Chillon Castle on Lake Geneva, Switzerland Photo by: Dimitri Castrique (Stock Exchange)

Howdy and welcome back to Disabled Travelers!

I’m back from vacation and ready to roll with more valuable tips, handicapped travel resources, and access guides here at the happeningest blog on the ‘net for disabled globetrotters.

It’s time for our monthly news round-up, where we’ll once again visit top media outlets and blogs reporting on the latest developments in the wide world of wheelchair accessible travel.

Let’s get underway!

Interesting information on walkability and accessibility from Sightline Daily, a publication from the Sightline Institute on sustainability in the northwest. An able-bodied writer introduced to the perils of inaccessibility after breaking his ankle discusses sustainable, human-level communities, barrier-free access, and the environment. It’s also worth pointing out, which rates how walkable a location is, since pedestrian-friendly design is highly correlated with mobility impaired access. Walkscore gives you information on businesses and attractions within a “walkable” radius of a given address, which can also be very useful in planning an accessible trip. The website uses map data from MapQuest, so international destinations are covered.
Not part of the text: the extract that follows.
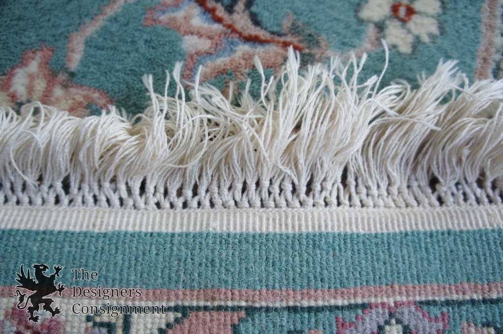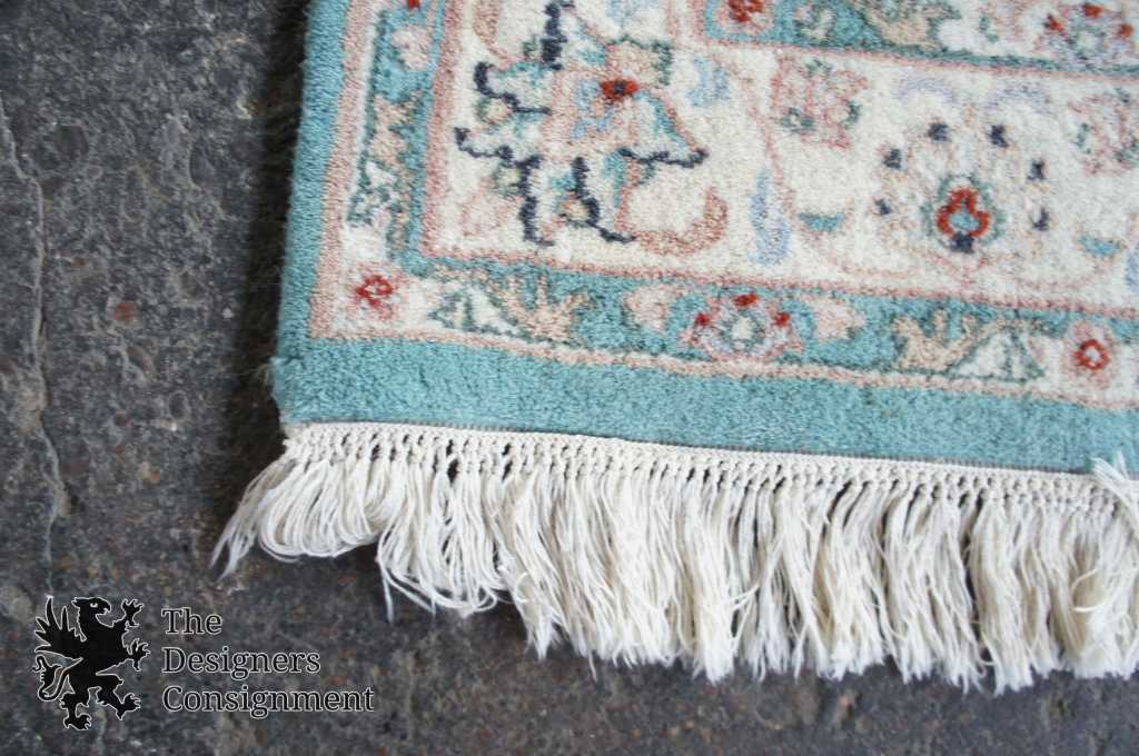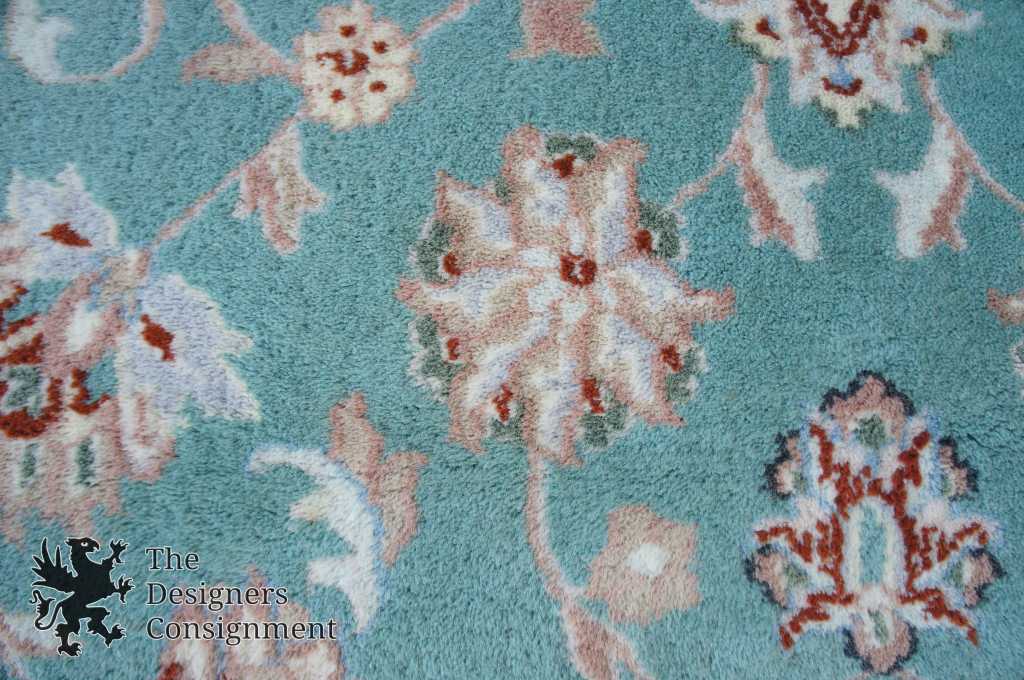 Kashan rugs are a type of Persian rug. They are one of the most expensive types of rug woven in Iran. This beautiful turquoise rug has a floral all over pattern. a vibrant addition to any space.

In an inspiring piece from the Southwest Iowa News, we learn that the 63-day Sea to Shining Sea Ride Across America is ongoing as we speak. This 4,000-mile journey from San Francisco, CA to Virginia Beach is being undertaken by a diverse range of riders, many military veterans with disabilities stemming from service-related injuries. Though there are a few able-bodied personnel among the riders, the emphasis is definitely on handicapped members, who are proving there’s nothing they can’t do with this one-of-a-kind cross-country adventure. Their courage and tenacity is an example to us all!
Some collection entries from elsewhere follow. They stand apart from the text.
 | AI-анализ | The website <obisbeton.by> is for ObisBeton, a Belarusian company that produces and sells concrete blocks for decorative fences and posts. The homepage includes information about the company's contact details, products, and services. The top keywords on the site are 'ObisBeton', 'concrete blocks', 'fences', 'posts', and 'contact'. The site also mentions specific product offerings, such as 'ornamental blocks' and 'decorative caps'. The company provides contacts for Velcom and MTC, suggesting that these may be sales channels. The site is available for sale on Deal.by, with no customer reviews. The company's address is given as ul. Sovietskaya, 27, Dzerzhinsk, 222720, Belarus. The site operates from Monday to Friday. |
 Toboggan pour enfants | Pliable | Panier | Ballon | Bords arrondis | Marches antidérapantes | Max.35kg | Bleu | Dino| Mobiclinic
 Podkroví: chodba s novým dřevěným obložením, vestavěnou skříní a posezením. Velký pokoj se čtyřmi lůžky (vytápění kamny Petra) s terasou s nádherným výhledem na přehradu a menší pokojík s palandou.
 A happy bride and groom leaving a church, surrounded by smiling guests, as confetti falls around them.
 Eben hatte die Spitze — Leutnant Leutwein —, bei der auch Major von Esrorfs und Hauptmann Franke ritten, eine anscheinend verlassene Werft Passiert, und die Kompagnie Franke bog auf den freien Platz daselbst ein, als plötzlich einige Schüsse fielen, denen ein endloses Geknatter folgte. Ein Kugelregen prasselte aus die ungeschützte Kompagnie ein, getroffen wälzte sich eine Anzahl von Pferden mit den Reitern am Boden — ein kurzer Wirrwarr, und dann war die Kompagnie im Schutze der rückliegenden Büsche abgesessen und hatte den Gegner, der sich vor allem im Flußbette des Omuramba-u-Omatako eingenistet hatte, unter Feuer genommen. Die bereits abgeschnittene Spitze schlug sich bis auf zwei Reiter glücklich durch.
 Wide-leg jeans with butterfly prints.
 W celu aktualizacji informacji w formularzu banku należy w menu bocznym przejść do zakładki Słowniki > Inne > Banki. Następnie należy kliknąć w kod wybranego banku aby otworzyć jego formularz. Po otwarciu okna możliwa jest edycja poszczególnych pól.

As we’ve definitely learned in previous posts, Disney is no slouch when it comes to making its parks wheelchair accessible; accessible hotels and attractions abound near and throughout Disney Land, Disneyworld, and even international locations. But there’s always room for improvement, and Disney is answering the call by deploying more technology to help the disabled, especially blind and deaf park guests. New, more inclusive measures include wireless headsets for blind or deaf patrons that help them experience and enjoy the amenities. To date, these new sets have been deployed in about 50% of the attractions across Disney’s four Florida parks. Out of 100,000 guests per day, Disney estimates that several thousand are disabled, so this is a great advance!

From the UK’s Daily Telegraph, Sophie Butler provides information on finding accessible accommodations. Some choice information here on accessible hotels, tour operators, airlines, and a lot of other useful stuff, especially good if you plan to be visiting the UK itself. I highly recommend the Telegraph’s weekly travel news round-up for inside information on the UK and Europe, though news is mixed: a recent article reports that airline travel for disabled flyers in the EU hasn’t gotten any easier, despite recent legislation to protect disabled travelers. Beware of airlines you don’t know well, and consider Eurostar for your European trips!

Finally, in domestic news, Cleveland is now providing travel trainers to help the disabled use regular bus lines in place of specialized door-to-door paratransit services. It’s good to see the city reaching out and taking a proactive role to help people access a range of options and feel more integrated into their community – I just hope this isn’t a signal toward the decline of paratransit! Mass transit is a valuable way to get around in many U.S. cities where it’s available, whether you’re a visitor or a long-term resident, so this is an interesting move and definitely something worth checking out.